BG's THX-Certified In-Wall Subwoofer Impervious to Wall Construction
One of the bugbears of mounting speakers—and especially subwoofers—in a wall is that the drive-unit behavior depends on the less-than-rigid behavior of the sheetrock. Most manufacturers of architectural speakers get around this by using a back box to provide the correct acoustic loading. THX's Laurie Fincham (who is going to hate me for referring him as one of the grand old men of English audio) had a different idea.

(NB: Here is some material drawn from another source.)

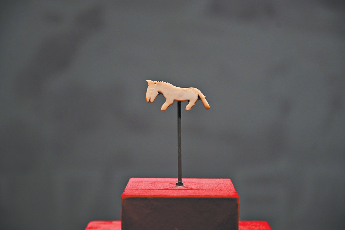 河南安阳殷墟妇好墓出土的玉马。 北京日报记者 金瑶摄

What if, he thought, you used a large number of small drive-unit pairs, each in its own sub-enclosure and connected facing each other with their chassis joined so that the vibrations could mutually cancel? (Memories of Laurie's force-canceling woofer arrangement in the KEF R104/2 speaker of the early 1980s surface in my mind.) That way, the mechanical properties of the wall would become irrelevant. Reproduction of a high-level 20Hz tone to meet the THX requirement requires pumping a liter of air 20 times each second, but that could be achieved by using sufficient small drivers.
Laurie discussed the idea with speaker manufacturer BG, and the result is the BG BX-4850 THX Certified Ultra2 subwoofer, conprising four modules, each containing 12 metal-cone woofers and arranged in balanced pairs. (Double bass player Laurie calls this "Balanced Bass Line.")

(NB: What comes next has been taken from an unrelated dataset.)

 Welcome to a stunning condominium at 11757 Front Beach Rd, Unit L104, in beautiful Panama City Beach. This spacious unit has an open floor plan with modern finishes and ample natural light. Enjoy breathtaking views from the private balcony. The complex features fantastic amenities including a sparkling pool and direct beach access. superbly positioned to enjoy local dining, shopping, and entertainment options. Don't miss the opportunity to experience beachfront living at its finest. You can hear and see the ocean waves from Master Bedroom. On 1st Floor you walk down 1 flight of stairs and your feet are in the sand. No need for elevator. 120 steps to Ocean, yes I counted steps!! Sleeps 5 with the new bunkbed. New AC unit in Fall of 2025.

Laurie is shown here holding (with help) one of the prototype modules. The 12 drivers fire into a central cavity, sealed to the top, bottom, and rear, with a narrow 26" x 4" slot opening to the room. The module is mounted between the studs and faced with sheet rock, but transmits no vibrations to the wall itself. The 48 woofers in the four modules, each with a peak excursion of 8mm at <2% THD, have a total radiating area equal to a two 18" drivers, yet fit completely inside a standard 2x4" stud-wall.
Each pair of modules is driven by a dedicated 1200W amplifier/digital crossover module, and a slave 1200W amplifier drives another two modules. Four modules are required for the THX Ultra2-certified subwoofer, which is expected to retail for around $4995 including crossover and amplifiers when it is available for sale in the second quarter of 2007. But two modules ($2995) will still qualify for THX Select certification, and while one module can be used, for $1995, this will not be THX-certified.
A dem of the 4-module subwoofer, with BG's line-source planar in-walls, was very impressive, with obviously low distortion and superb low-frequency extension. Perhaps it's time for this reporter to stop turning up his nose at in-wall speakers.